Most introductory ML forecasting predicts one number: the next price of one asset. But prices across equities, commodities, fixed income, and currencies are interconnected through shared market and economic forces, so a model that learns several at once can, in principle, exploit those relationships instead of relearning them for each asset. That is the premise of multi-task learning (MTL): a network with a shared body and one output head per task, trained on a single joint loss so the tasks regularize each other.

The University of Waterloo WiM Directed Reading Program set out to test that premise on real markets. Over a mentored term, our team built a shared-bottom MTL network to forecast several assets jointly and compared it head-to-head against a linear-regression baseline and single-task neural networks. The honest question was not "can we make MTL run," but "does jointly learning related assets actually beat modeling them separately?"

My role

This was a three-person mentee team - Hany Jiang, Momina Butt, and Bhavika Dindyal - working under a mentor (Hao Quan) during the Winter 2026 term and presenting at the end of March. The repository linked here is the cohort's shared program space: the syllabus, the weekly readings, and the reference notebooks.

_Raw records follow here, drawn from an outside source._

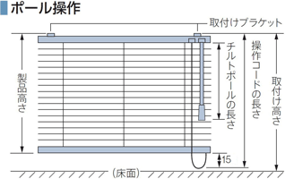 チルトポールの長さは 取付け高さ、操作コードの長さは 製品高さによってそれぞれ異なります。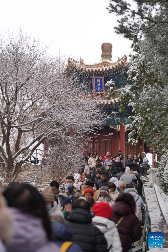 Tourists visit the Jingshan Park after a snowfall in Beijing, capital of China, March 5, 2026. Beijing has witnessed a spring snowfall from Wednesday to Thursday. (Xinhua/Xie Han)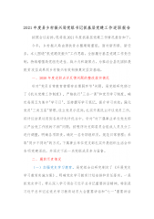 区委书记在2022年抓基层党建工作述职评议考核会议上的讲话2021年,在市委、市政府的坚强领导下,在市委组织部的精心指导下,全区各级坚决贯彻落实党中央决策部署和省市委工作要求,把习总书记来陕考察重要讲话精神融入到了高新发展工作的全过程、各方面,高新区各项工作取得了显著变化,稳增长、促发展、保民生实现了持续向好、稳步提升。但对标省市委党建工作的要求,我们基层党建工作还存在一些共性问题:一是党建主体责任落实压力传导不够,对个别党建重点工作部署、落实、督导不到位。二是抓党建促发展意识不强,还存在把党建和经济发展割裂开来,抓党建和抓经济“两张皮”的问题。三是各领域对党建工作的典型培树不够,还没有形成叫...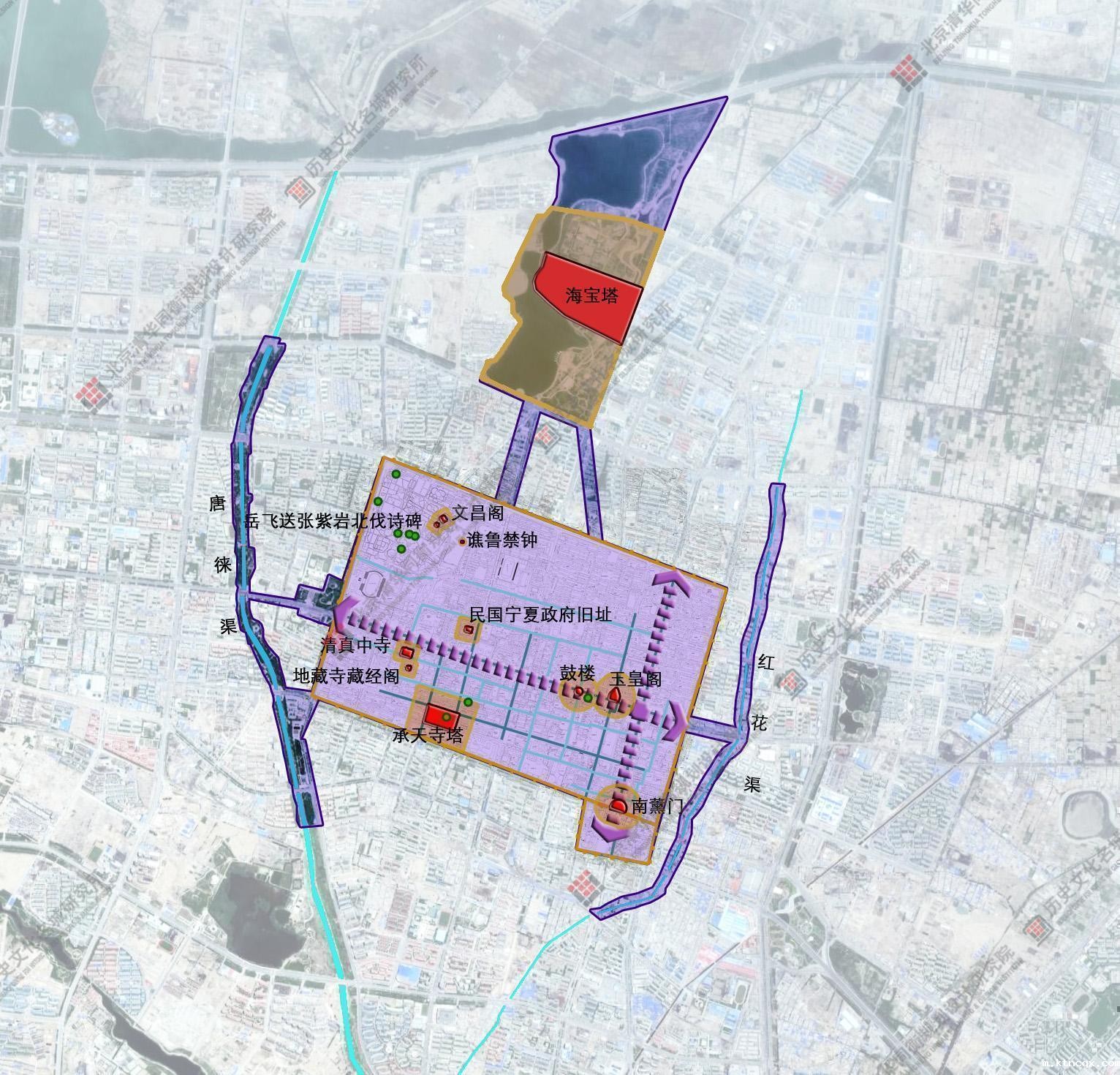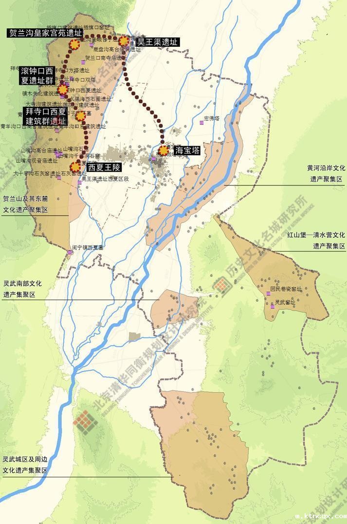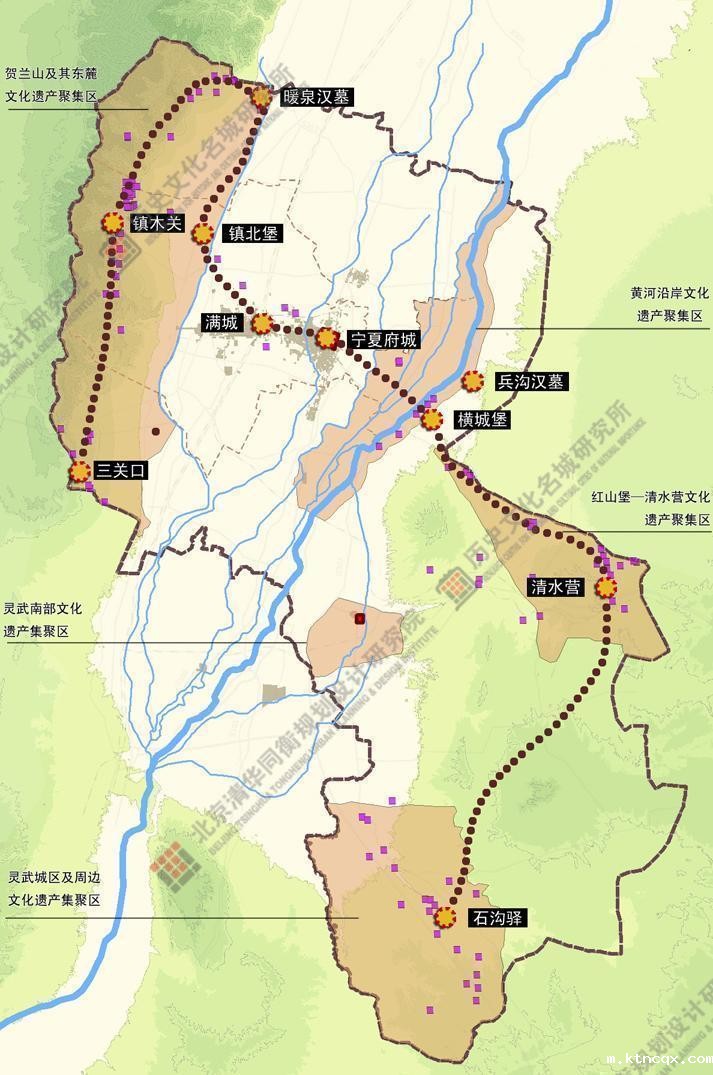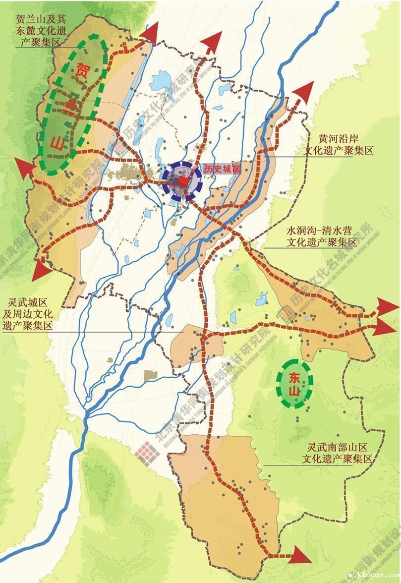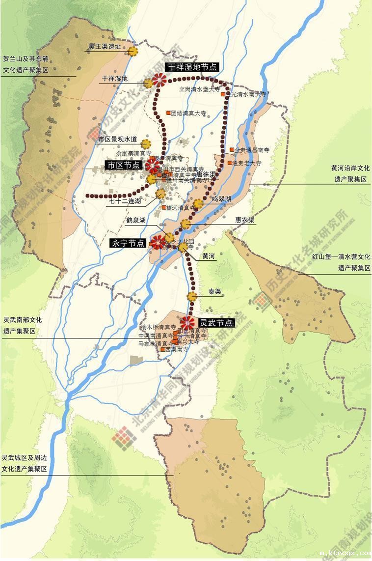 1、市域层次:确定“山、河、渠、湖、城、一条文化线路段落、五个文化遗产聚集区”的保护结构,并对相关遗存提出保护措施,结合文化遗产资源现状,设计了西夏文化、历代边防文化、回族风情和塞上江南四条展示线路;

The program was reading-led, pairing each week's reading with a coding assignment - Géron's Hands-on Machine Learning for practical ML, ISLP chapter 10 for the deep-learning grounding, Brownlee's Deep Learning for Time Series Forecasting, and Caruana's 1997 Multitask Learning paper for the core idea. The hands-on work spanned the full pipeline: cleaning and aligning multi-asset data, engineering features, and building and benchmarking the linear, single-task, and multi-task models.

System design

Multi-task learning architecture slide: input features pass through shared layers, then split into task-specific heads predicting Task 1, 2, and 3, trained on a joint loss summed across tasks — The multi-task model from our final presentation: input features pass through shared layers that learn cross-asset structure, then split into task-specific heads that each predict one asset, trained on a single joint loss summed across tasks.

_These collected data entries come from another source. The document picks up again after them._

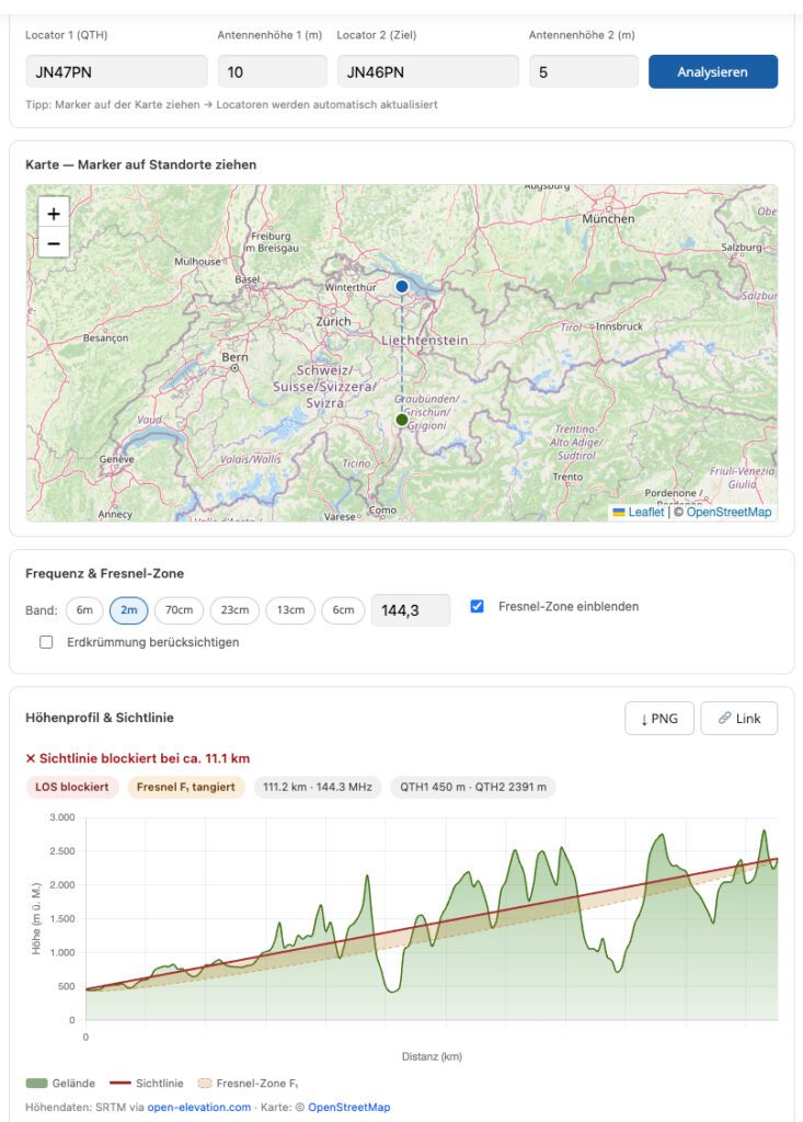- Fresnel-Zonen-Check: Wähle dein Band (von 6m bis 6cm) und prüfe, ob die erste Fresnel-Zone frei von Hindernissen ist.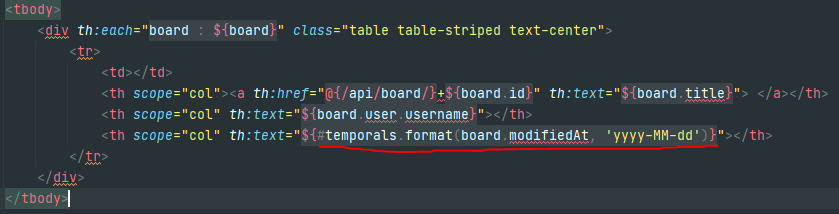 Timestamped를 상속받아 createdAt, modifiedAt 게시글에 생성일자와 마지막변경시점을 db에 저장하고있는데 이것을 게시글 생성일자 'yyyy-MM-dd' 로 나타내주고 싶어서 #temporals.format() 함수를 사용하여 나타내었다. (MM만 대문자인 이유는 mm은 분 을 나타내고 MM이 월 을 나타낸다.)
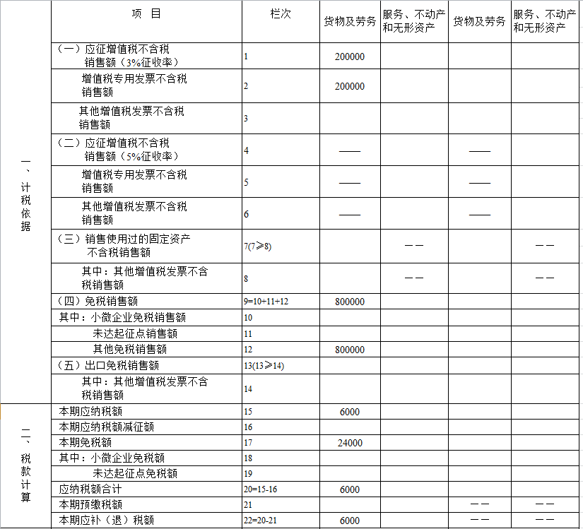 注意事项2:小规模纳税人销售额包括开具普票销售额、开具专票销售额、未开票销售额。如,甲公司为小规模纳税人,当期开具专票5万,开具普通发票20万,未开票收入8万。则甲公司未开票收入与开具普通发票都不能享受增值税免税。小规模纳税人增值税申报表正确填报为您整理如下: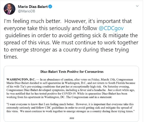 "Sau cuộc bỏ phiếu về dự luật phản ứng với COVID-19 hôm 13-3, Nghị sĩ Mario Diaz-Balart đã quyết định tự cách ly tại thủ đô Washington mà không quay về quê nhà South Florida sau khi vợ ông - bà Tia Diaz Balart có một số dấu hiệu bệnh" - thông báo từ văn phòng ông Diaz-Balart ngày 18-3 cho biết.

The study compares three models on the same data. A linear-regression baseline predicts each target as a linear combination of features by minimizing squared error - simple, fast, and interpretable. A feedforward neural network (FNN) adds hidden layers to capture nonlinear interactions. The multi-task model is a shared-bottom FNN: shared layers learn patterns common across assets, and task-specific heads each output one asset's prediction, trained by minimizing a single joint loss that sums each task's loss. The appeal, following Caruana, is that a shared representation should improve generalization and reduce overfitting versus training one network per asset.

Most of the engineering was in preprocessing, which matters more in a multi-task setting because every task has to stay consistent. Raw financial series are noisy and uneven, so the pipeline aligns timestamps across assets, fills missing values by interpolation or forward-fill, and scales features (MinMax or standardization) so a large-magnitude asset does not dominate learning. The series are then structured into supervised examples with a sliding window - past W observations predict the next step, with W chosen on validation. On top of raw prices, the team engineered features to capture market dynamics: OHLC prices, log returns, rolling volatility, and technical indicators (SMA, RSI, MACD).

Key technical decisions

Three models on identical data. Linear regression, a single-task FNN, and a shared-bottom multi-task FNN were trained and evaluated the same way, so the comparison isolates the effect of architecture and sharing rather than setup. The simple baseline is there precisely to keep the neural models honest.
Shared-bottom multi-task architecture. Shared dense layers feed task-specific heads, one per asset, under a weighted joint loss. The hypothesis is that related tasks act as mutual inductive bias, so sharing structure should help generalization and curb overfitting relative to separate networks.
Preprocessing as the real lever. Consistency across assets is critical in a multi-task setting: aligned timestamps, interpolated or forward-filled gaps, and common scaling so no single asset dominates. The team found that strong preprocessing was a large part of why even the simplest model performed well.
Feature engineering over raw price. Raw prices alone underrepresent behavior, so the inputs add log returns, rolling volatility, and SMA/RSI/MACD indicators to encode trend, momentum, and variability.
Sliding-window, next-step targets on a time-ordered split. Past W observations predict the next day, split by time to avoid look-ahead leakage - which also surfaces just how noisy a next-day target really is.

Results

The clearest result was a humbling one: multi-task learning did not improve accuracy. On the held-out test set, the simple linear regression was the most accurate and by far the fastest, and neither neural model came close to it:

Linear regression - RMSE ~15.7, MAE ~9.2, ~15 s runtime (best on both accuracy and speed)
MTL-FNN (shared-bottom) - RMSE ~31.2, MAE ~21.0, ~870 s
Single-task FNN - RMSE ~39.1, MAE ~25.6, ~8,250 s

Where MTL did win was efficiency. The shared-bottom network clearly beat the plain single-task FNN on accuracy, and it trained in roughly 870 seconds against about 8,250 for the separate FNNs - collapsing several models into one shared network was multitask learning's main practical payoff here. So the takeaway was not "MTL is better," but "MTL gave a much cheaper neural model, while a linear model was good enough to beat both."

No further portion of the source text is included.